I still had questions about my new life, but at least I knew why Warren had said not to contact him until I had Olivia’s mannerisms, habits, and thought processes down pat. If I didn’t wholly believe I was Olivia, nobody else was going to either. So, while Warren and Micah had promised answers, I decided to seek them out myself. With an hour to spare before a scheduled “date” with Cher, my first, I decided to use the time for research.
“Not just research,” I corrected, aloud. “Mythology.”
Only two blocks from the salon where I was to meet Cher was the comic book store that Micah had mentioned to me. I swung into a parking spot in front of an L-shaped strip mall that also housed a beauty supply store, a video store, and the most familiar sign of modern-day suburbia—Starbucks. As I stepped from Olivia’s TT, I sniffed lightly at the wind. I’d had the nagging feeling of being watched ever since leaving the apartment, but I hadn’t scented or seen anything peculiar. The cars closest to mine belonged to patrons of a sandwich shop three doors down, so I dismissed the feeling as nothing more than nerves and headed for the entrance of Master Comics.
“Oh yeah,” I muttered, looking at a life-sized Aqua-Man painted on the shop’s windows, “this looks like exactly where the answers to the world’s paranormal mysteries are kept.” I walked in anyway.
A jangle of cowbells announced my arrival. I briefly surveyed the place—noting the comics and animé were shelved alphabetically, and the most valuable editions were secured behind glass cases—then noticed the hanging silence. I looked down at my leather minidress and the skintight knee-high boots—which, I’d been horrified to discover, cost more than a payment on my Jag—and grimaced. It’d seemed a conservative enough outfit that morning, but I realized now it was somewhat inappropriate for visiting an establishment frequented by teenage boys.
I compared myself briefly with one of the buxom beauties on the cover of a nearby comic and found I held up nicely. This would explain why the looks I was getting from the half-dozen other patrons were less lascivious than hopeful. Too bad I didn’t have a gold lasso in my pocketbook.
I settled for sauntering up to the register, manned by the only adult in the place. I gave him Olivia’s most encouraging smile. “Hi.”
The man didn’t answer, just stood there, tongue half exposed between his chubby lips. Perhaps he was just shy…though the saliva pooling at the corner of his mouth couldn’t have been normal. I tried again. “Hello, earthling?”
A voice popped up beside me. “You look just like Daphne of Xerena.”

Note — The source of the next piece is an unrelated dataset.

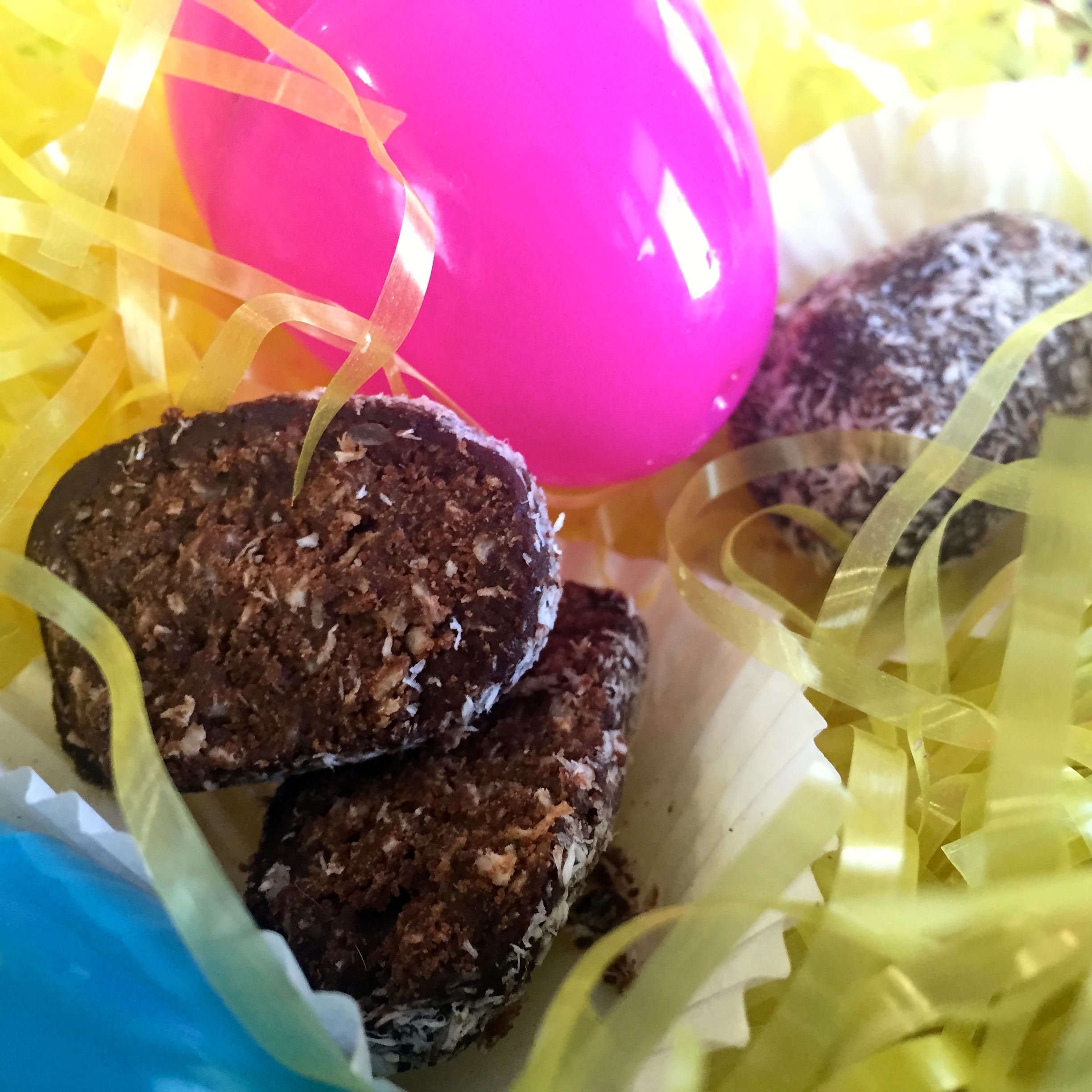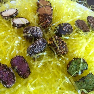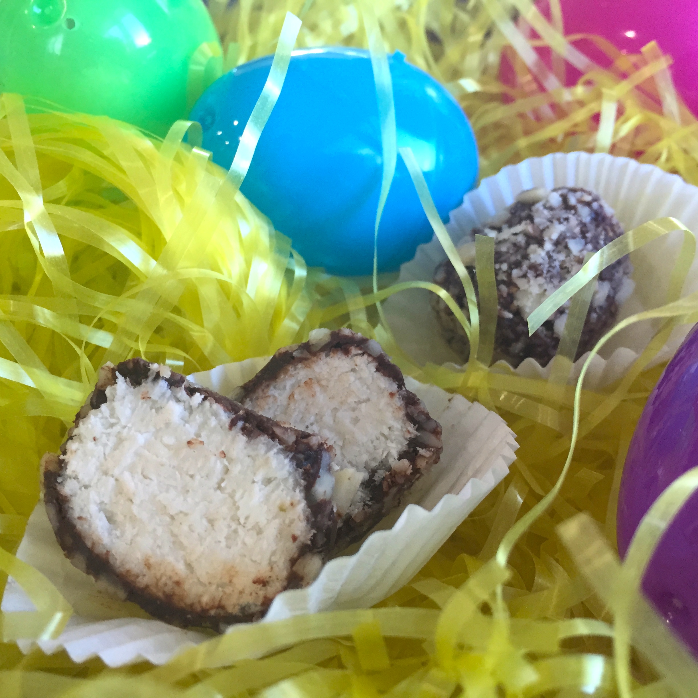 Gently roll each egg in chocolate mixture to coat. Remove with slotted spoon or fork. Roll chocolate covered egg in topping listed, or your own concoction. Carefully place truffle eggs on wax paper lined plate. Refrigerate until solid. Because coconut oil melts at room temperature, best stored in airtight container in fridge.

I turned my head, saw no one, then looked down and recoiled. Hairy ten-year-old, or large midget, it was a tough call. “Excuse me?”
“Daphne, the Xerenian princess whose shadow detaches to fight crime worldwide while she’s sleeping. Do your heels turn into switchblades?” he asked, bending over to look for himself.
Ten-year-old. Definitely. “Sorry. No.”
He straightened, plainly disappointed, and I got a clear look at his face. Tufts of hair sprouted from his cheeks in aberrant fashion, and muddy brown eyes peered up at me from beneath bushwhacked brows. “Let me guess, Wolf-Man?”
He rubbed a hand along his voluminous sideburns and shook his head. “Growth hormones. They just have the added benefit of making me look like a superhero.”
I wanted to tell him that Eddie Munster wasn’t much of a hero, but refrained when he pulled a claw from behind his back and made to lunge for me. After the month I’d had, he was fortunate I saw the nails were made of plastic. Another nanosecond and he’d have been eating my Dior handbag.
I raised a brow. “Cute.” He growled menacingly.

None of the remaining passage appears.